BEGIN DATA FOR REVIEW

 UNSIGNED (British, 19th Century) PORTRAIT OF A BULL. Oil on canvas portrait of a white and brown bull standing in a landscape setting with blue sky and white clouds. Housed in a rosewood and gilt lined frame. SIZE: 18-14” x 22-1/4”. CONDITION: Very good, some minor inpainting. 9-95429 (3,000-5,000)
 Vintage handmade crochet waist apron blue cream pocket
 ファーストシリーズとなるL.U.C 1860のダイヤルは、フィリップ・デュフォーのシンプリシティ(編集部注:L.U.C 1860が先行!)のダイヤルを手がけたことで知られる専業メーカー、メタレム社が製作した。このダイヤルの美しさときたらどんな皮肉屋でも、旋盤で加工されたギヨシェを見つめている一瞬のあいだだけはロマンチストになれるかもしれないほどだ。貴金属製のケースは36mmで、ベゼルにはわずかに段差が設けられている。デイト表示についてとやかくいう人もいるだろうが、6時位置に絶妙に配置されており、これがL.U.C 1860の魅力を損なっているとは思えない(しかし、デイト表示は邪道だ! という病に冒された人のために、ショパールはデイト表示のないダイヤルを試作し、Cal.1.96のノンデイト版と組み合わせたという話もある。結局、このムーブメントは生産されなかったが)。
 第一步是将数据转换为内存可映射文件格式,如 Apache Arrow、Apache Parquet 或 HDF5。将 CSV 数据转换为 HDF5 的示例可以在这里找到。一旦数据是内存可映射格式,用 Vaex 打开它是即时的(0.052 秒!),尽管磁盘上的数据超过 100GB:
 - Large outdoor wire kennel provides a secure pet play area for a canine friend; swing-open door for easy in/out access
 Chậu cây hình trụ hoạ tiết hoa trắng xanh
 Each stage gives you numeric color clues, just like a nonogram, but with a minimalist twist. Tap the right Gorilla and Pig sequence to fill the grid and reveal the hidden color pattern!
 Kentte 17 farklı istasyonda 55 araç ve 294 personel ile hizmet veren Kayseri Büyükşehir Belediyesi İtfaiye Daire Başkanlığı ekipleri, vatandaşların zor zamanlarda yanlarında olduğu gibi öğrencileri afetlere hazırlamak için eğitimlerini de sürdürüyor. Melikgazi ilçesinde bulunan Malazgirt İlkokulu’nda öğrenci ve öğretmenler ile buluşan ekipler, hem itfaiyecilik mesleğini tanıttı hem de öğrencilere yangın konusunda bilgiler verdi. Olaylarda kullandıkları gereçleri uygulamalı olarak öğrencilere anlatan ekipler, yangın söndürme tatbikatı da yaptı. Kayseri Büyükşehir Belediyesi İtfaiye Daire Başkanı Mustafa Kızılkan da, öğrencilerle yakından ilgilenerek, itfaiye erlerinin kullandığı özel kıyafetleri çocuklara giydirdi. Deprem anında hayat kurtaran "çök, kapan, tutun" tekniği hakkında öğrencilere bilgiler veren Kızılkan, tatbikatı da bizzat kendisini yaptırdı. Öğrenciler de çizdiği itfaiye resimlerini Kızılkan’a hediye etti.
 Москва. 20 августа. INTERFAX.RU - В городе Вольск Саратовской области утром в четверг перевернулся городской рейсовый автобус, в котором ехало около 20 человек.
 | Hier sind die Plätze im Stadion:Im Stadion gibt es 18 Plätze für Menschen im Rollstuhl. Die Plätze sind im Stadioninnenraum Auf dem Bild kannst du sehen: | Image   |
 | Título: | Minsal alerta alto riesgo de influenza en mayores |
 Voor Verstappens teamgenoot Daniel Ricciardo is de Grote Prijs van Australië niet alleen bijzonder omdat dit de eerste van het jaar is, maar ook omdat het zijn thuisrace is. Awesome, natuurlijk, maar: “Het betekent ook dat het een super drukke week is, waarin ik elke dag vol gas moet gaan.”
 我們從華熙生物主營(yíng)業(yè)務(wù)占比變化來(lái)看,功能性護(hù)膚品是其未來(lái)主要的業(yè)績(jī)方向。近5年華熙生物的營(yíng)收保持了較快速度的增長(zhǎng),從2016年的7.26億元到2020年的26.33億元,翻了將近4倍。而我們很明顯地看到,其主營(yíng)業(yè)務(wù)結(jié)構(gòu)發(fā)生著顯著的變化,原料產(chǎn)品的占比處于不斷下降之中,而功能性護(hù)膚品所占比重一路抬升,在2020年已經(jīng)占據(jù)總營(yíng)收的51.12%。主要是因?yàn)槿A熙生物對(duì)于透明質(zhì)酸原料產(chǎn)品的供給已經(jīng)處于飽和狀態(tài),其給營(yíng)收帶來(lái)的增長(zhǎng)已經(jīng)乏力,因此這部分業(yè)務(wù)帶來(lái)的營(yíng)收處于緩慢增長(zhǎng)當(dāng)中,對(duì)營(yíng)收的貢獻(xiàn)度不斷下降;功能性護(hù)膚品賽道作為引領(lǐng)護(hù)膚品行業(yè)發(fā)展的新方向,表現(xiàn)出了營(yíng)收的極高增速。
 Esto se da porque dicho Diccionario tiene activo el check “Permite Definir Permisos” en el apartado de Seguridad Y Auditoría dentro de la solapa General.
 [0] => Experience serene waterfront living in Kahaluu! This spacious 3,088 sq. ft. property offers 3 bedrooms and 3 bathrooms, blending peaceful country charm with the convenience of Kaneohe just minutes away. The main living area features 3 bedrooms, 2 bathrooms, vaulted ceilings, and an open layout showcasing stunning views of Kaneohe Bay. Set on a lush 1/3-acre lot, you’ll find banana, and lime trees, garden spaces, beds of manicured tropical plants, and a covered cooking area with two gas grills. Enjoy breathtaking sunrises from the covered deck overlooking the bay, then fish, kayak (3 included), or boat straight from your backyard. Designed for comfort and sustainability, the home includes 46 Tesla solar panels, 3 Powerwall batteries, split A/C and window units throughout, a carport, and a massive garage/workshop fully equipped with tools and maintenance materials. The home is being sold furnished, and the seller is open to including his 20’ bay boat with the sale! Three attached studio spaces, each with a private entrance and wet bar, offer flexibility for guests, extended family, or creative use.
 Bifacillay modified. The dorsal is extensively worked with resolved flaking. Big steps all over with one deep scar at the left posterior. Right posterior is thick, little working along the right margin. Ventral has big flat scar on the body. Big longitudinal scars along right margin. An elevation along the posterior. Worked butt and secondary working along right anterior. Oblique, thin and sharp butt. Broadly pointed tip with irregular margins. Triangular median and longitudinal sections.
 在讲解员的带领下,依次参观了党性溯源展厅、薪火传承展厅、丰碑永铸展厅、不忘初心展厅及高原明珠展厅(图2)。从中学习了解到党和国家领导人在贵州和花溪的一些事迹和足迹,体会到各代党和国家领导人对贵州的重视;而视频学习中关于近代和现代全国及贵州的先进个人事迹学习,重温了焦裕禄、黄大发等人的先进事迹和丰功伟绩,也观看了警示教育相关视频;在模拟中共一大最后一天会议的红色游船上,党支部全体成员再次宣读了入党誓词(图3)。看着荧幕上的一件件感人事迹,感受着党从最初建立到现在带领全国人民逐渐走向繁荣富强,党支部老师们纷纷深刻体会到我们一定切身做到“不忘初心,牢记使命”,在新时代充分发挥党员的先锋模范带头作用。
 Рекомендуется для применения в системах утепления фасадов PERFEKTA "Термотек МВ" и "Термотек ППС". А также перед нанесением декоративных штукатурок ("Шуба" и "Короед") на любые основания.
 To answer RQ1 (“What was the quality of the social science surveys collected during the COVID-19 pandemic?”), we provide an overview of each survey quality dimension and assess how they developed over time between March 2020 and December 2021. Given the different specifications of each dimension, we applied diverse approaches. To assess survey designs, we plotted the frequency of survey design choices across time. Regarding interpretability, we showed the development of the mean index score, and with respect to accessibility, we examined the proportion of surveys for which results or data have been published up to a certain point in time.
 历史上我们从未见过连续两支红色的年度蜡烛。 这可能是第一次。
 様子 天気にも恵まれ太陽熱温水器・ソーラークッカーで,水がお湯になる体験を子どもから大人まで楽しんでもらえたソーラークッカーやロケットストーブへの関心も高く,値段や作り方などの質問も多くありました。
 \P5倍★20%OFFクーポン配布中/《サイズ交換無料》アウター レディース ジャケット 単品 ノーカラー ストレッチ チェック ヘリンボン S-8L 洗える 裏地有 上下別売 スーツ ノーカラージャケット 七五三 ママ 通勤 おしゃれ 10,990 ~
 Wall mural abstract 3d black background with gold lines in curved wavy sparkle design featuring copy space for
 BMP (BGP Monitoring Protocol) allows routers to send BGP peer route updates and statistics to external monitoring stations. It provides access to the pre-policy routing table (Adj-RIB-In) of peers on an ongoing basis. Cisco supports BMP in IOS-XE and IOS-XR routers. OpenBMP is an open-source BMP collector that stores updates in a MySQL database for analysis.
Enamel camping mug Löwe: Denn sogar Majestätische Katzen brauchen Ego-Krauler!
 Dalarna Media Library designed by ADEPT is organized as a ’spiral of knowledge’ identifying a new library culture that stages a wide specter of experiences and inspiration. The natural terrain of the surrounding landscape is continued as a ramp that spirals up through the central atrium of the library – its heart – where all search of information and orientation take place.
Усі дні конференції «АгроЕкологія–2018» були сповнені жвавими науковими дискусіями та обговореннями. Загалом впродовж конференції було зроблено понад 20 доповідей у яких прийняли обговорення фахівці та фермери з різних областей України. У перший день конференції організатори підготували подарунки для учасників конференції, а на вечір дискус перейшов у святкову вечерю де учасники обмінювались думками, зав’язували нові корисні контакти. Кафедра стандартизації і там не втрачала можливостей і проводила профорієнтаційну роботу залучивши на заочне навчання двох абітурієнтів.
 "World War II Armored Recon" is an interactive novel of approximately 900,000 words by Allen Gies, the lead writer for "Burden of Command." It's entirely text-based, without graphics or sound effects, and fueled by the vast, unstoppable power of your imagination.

END DATA FOR REVIEW

## EXERCISE GOAL
Restate the records above verbatim up to and including the line containing "Vintage handmade crochet".

## RESPONSE AREA
 UNSIGNED (British, 19th Century) PORTRAIT OF A BULL. Oil on canvas portrait of a white and brown bull standing in a landscape setting with blue sky and white clouds. Housed in a rosewood and gilt lined frame. SIZE: 18-14” x 22-1/4”. CONDITION: Very good, some minor inpainting. 9-95429 (3,000-5,000)
 Vintage handmade crochet waist apron blue cream pocket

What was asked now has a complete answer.